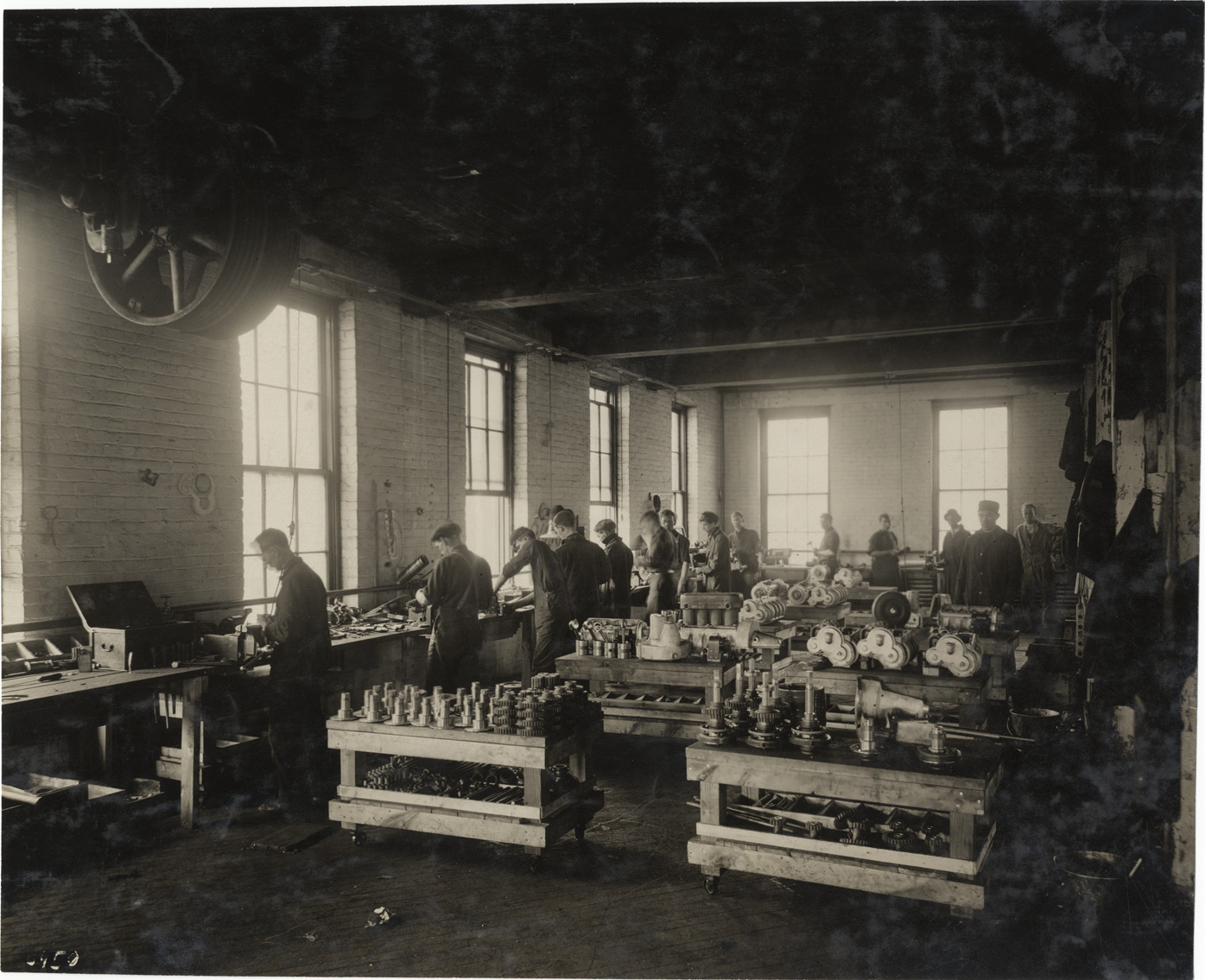 View of workers and equipment inside Welch Motor Car Company factory. Stamped on back: "Spooner & Wells, Inc., photographers, telephone North 1745. 1231 Woodward Ave., Detroit, Mich. Detroit, 1231 Woodward, New York, 1931 Broadway." Handwritten on back: "Companies--Welch Motor Car Co., 1910. Welch factory."
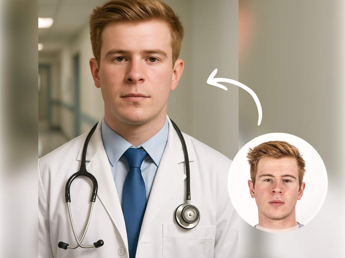 Transform your portrait into a medical-themed headshot featuring lab coats, stethoscopes, and realistic hospital settings that highlight professionalism and healthcare identity.
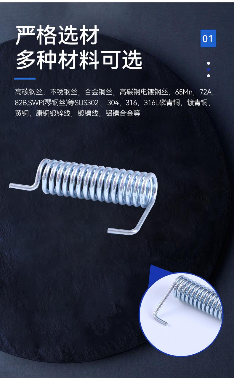 Resortes de torsión de forma especial hechos de acero inoxidable para juguetes eléctricos y aplicaciones automotrices, con diseño de doble gancho para procesamiento de estiramiento y compresión
▬▬▬▬▬▬▬▬▬▬
### Exercise goal
Exclude the pictures, and transcribe all of the material exactly.

### Expected output
 View of workers and equipment inside Welch Motor Car Company factory. Stamped on back: "Spooner & Wells, Inc., photographers, telephone North 1745. 1231 Woodward Ave., Detroit, Mich. Detroit, 1231 Woodward, New York, 1931 Broadway." Handwritten on back: "Companies--Welch Motor Car Co., 1910. Welch factory."
 Transform your portrait into a medical-themed headshot featuring lab coats, stethoscopes, and realistic hospital settings that highlight professionalism and healthcare identity.
 Resortes de torsión de forma especial hechos de acero inoxidable para juguetes eléctricos y aplicaciones automotrices, con diseño de doble gancho para procesamiento de estiramiento y compresión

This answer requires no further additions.